Can any man be more than an artist?
I am always heartened when a non-mathematician senses the beauty of mathematics, which Fish makes evident in his poem, and his suggestive question: why can't the mathematics be art itself?
There are mathematicians who will go into full rapture mode when describing the beauty, in their eyes, of mathematics. This is especially true when they describe mathematical proofs that are considered "elegant" - proofs whose logical path leads inexorably from axiom to conclusion using an economy of steps, with leaps to other areas of mathematics hitherto unrelated, demonstrating a dizzying web of connections among the farthest reaches of mathematics.
This view is typified by G.H. Hardy, an early-mid-20th-century British number theorist, and the author of A Mathematician's Apology, his 1941 memoir and a book that should be read by all mathematicians. Hardy writes...
In great mathematics there is a very high degree of unexpectedness, combined with inevitability and economy.

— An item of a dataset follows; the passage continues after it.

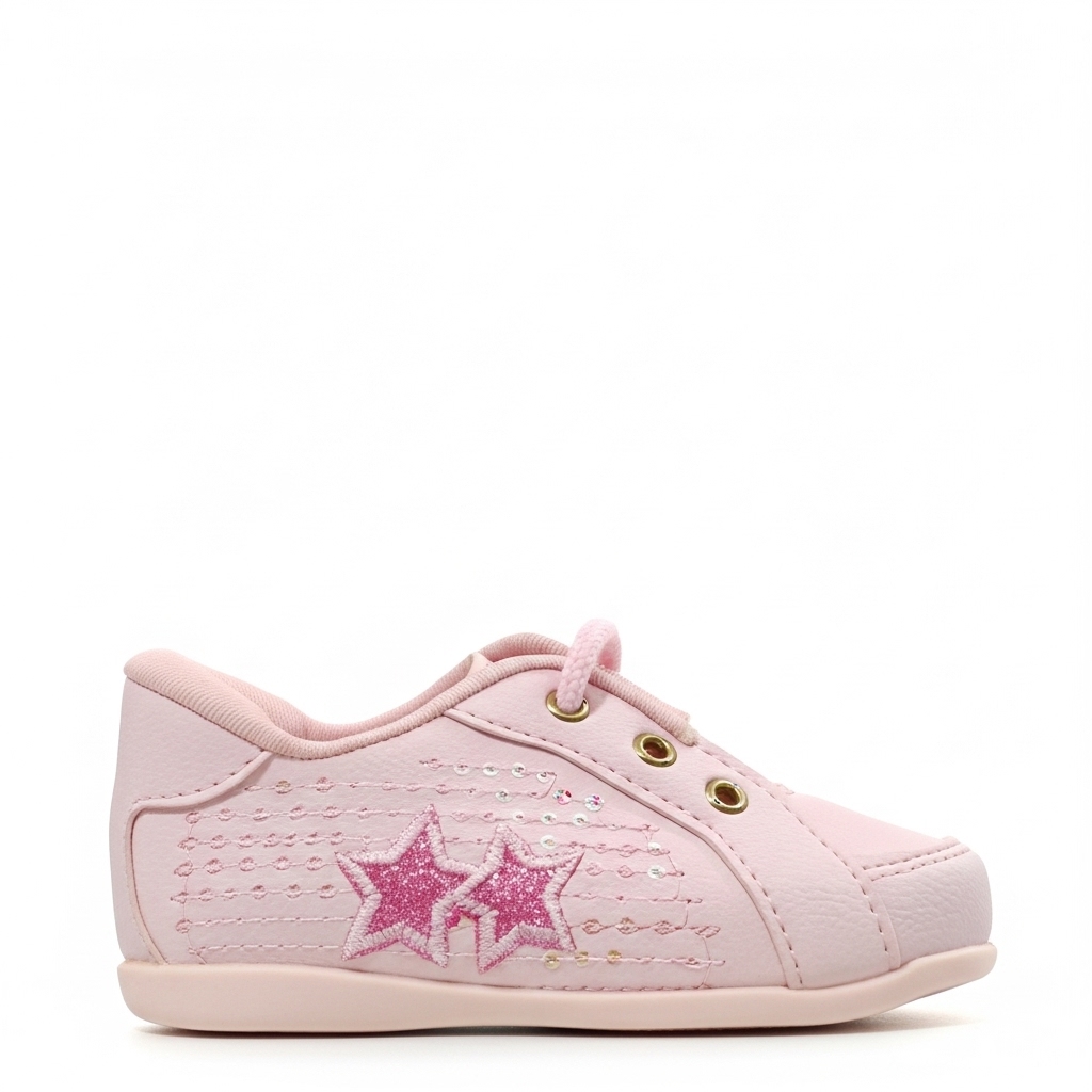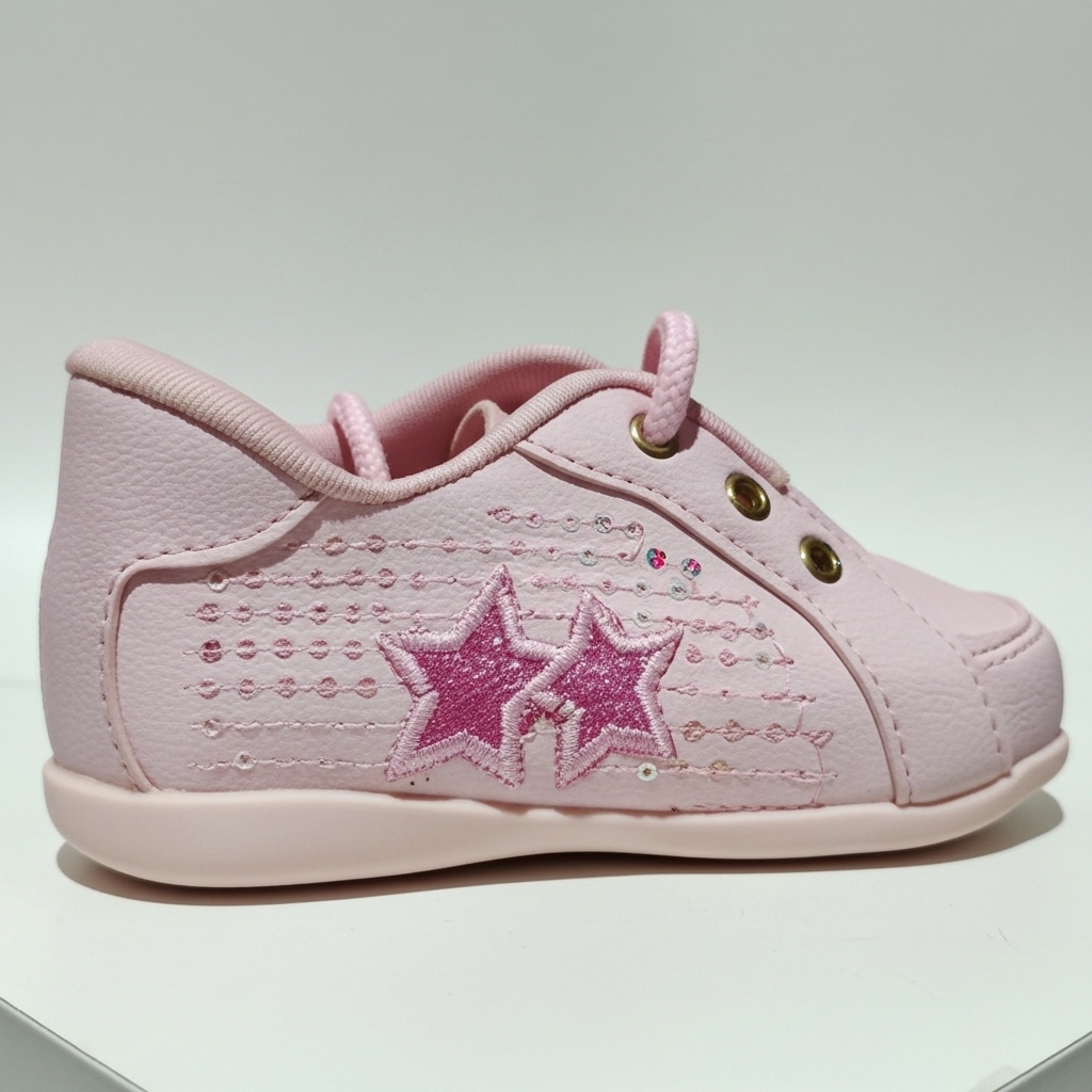 Este sapatinho é a combinação ideal de design lúdico e funcionalidade. Na cor rosa bebê, ele é confeccionado em material sintético macio e resistente, fácil de limpar. O grande destaque fica por conta da lateral, que apresenta um charmoso bordado de duas estrelas com glitter pink e um rastro de lantejoulas transparentes, adicionando um toque de glamour e magia a cada passo.
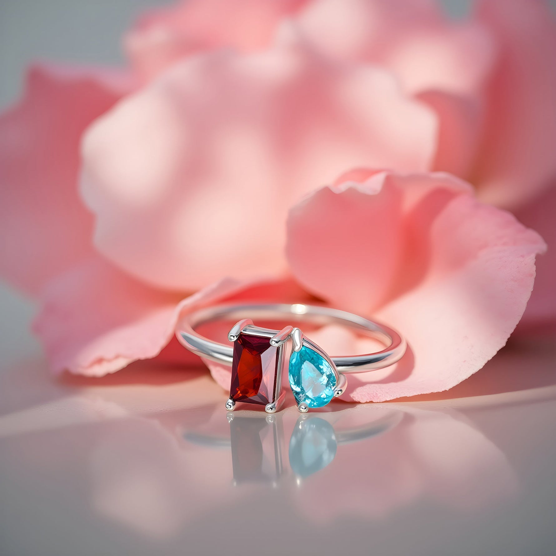 Celebrate love and connection with the Toi et Moi Birthstone Ring, featuring a stunning combination of emerald and pear-shaped stones. Perfectly customisable to represent your story, this timeless design adds a touch of sophistication to every moment.

But what about beauty? And where is the art? Hardy lived in a world of pure thought and number - far-removed from the real world earthiness of mathematical modeling, and just as far from the computer-produced display of impossibly intricate fractals. Yet for him, it is the essence of pattern - not, as we've seen, a pattern in space such as a fractal pattern, but a pattern of abstraction and logic that is the substrate of mathematics, and it is there that beauty can, and MUST be found:
The mathematician's patterns, like the painter's or the poet's must be beautiful; the ideas, like the colors or the words must fit together in a harmonious way. Beauty is the first test: there is no permanent place in this world for ugly mathematics.
For Hardy, mathematics is surely art. To those who still aren't convinced, and who would claim that only mathematicians can see the "beauty," hence it is not art, isn't this an argument similar to those who can't see the landscape in an abstract painting, or who can't hear a melody in the serial music of Schoenberg?
Applying some logic here, mathematics must be art because it has an art-essence that is independent of the observer. If you don't see it, it must be there.